The way he said it —
it happens —
that emphasis made Hector straighten up.

“It happens,” he agreed, “but it’s
not what happened here
. Not here in Bonfire.”

“Hector,” began Jimmy, “Abel Baranski was always a player. His boy, Elliot, takes after him. I don’t think there can be a girl in that school Elliot hasn’t gone and broken her heart.
Nobody
expected Abel to stay with his wife. I don’t like it any more than —”

Hector interrupted. “Abel Baranski did not run away with that teacher,” he said. “He was a good man. He loved his wife and his
boy. Setting that aside, how’d you explain the dead body of his brother, Jon, and Abel’s own truck on the side of the road. How’d you explain that?”

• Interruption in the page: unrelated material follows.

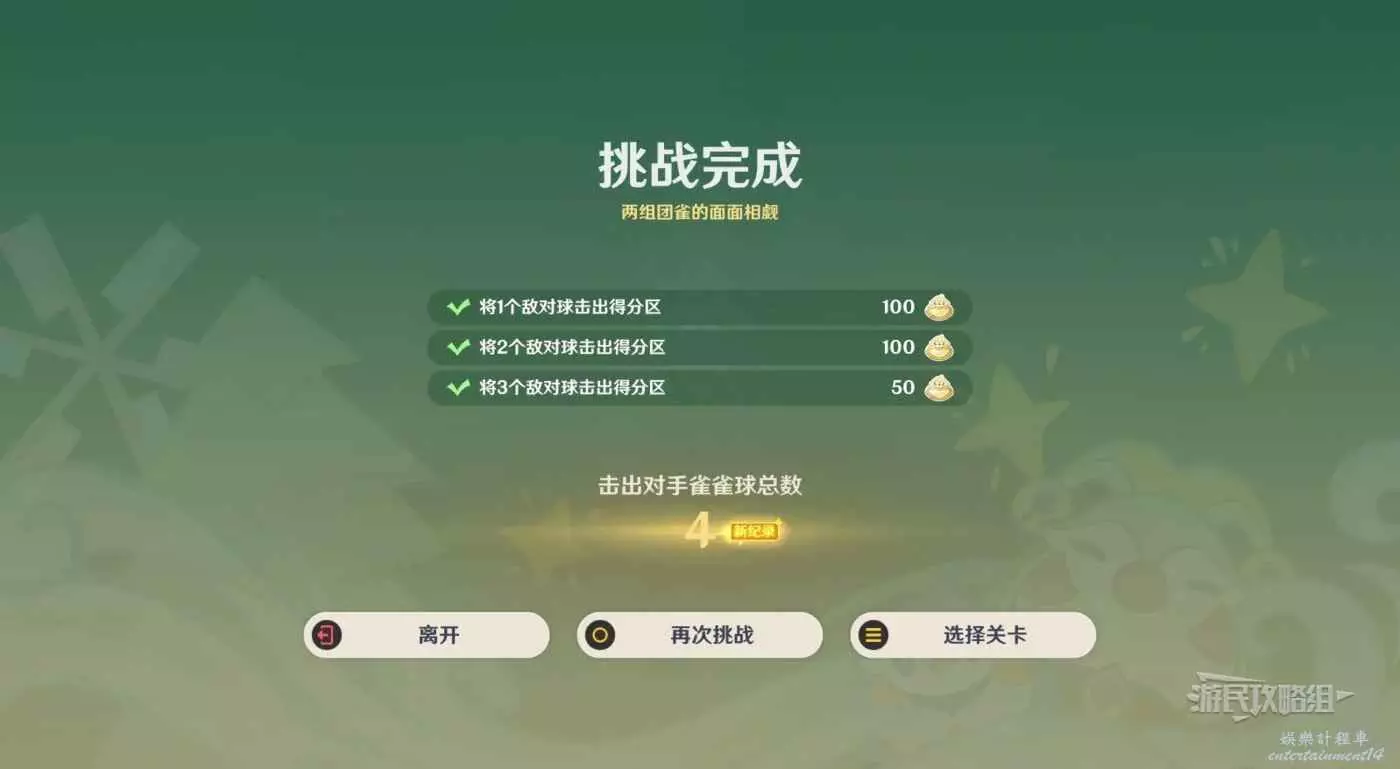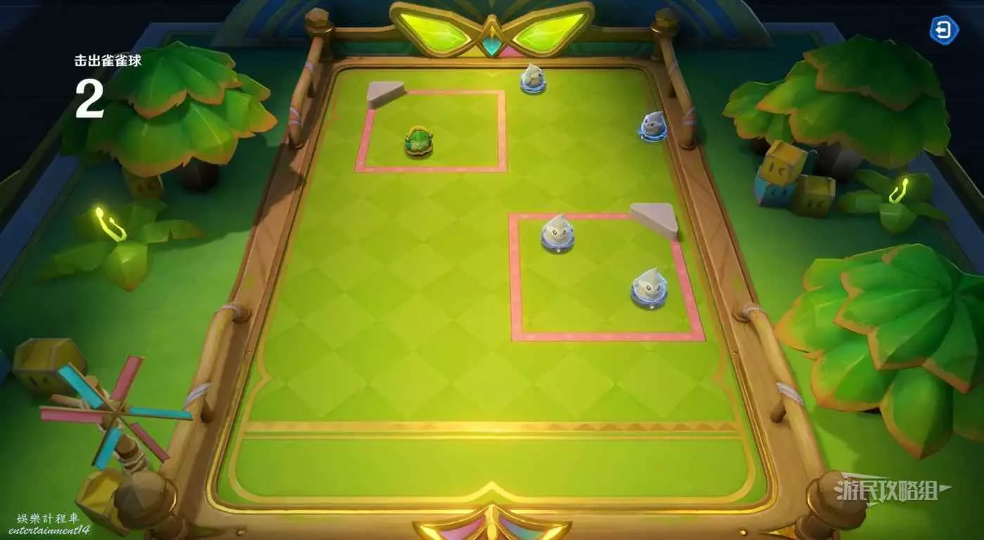 本關有2個得分區,可以利用孤獨雀雀球將其中一個區域內的敵對球擊出得分區,然後用貼貼雀雀球將另一個區域內的一個雀雀球擊出得分區,再用普通球把剩餘一個敵對球擊出即可完成。

“He and Mischka took the train where they were headed?” suggested Jimmy. “Gave Jon the truck to take home to the family?”

“Now why would they do that?” said Hector.

Jimmy sighed. “All right,” he said. “So let’s say you’re right and all three of them were in the truck, and the Purple’s chasing them. Why get out? Why not just put up the protective shutters on the truck windows?”

“Shutters must’ve malfunctioned. They pulled over and tried to run. Purple killed Jon, then took Abel and Mischka away with it.”

Another silence.

“We’ve been through this before,” Hector added.

There was a clamorous silence, then Jimmy spoke again. “Hector,” he said gently, “you think anyone in this town really believes that Abel and Mischka were taken by a Purple?”

Hector took a bite from his cold grilled cheese sandwich and spoke rough and firm through the chewing.

“That’s the story,” he said, “and I’m sticking to it. I’ll fax Jagged Edge about their missing guy tomorrow. Night, Jimmy.”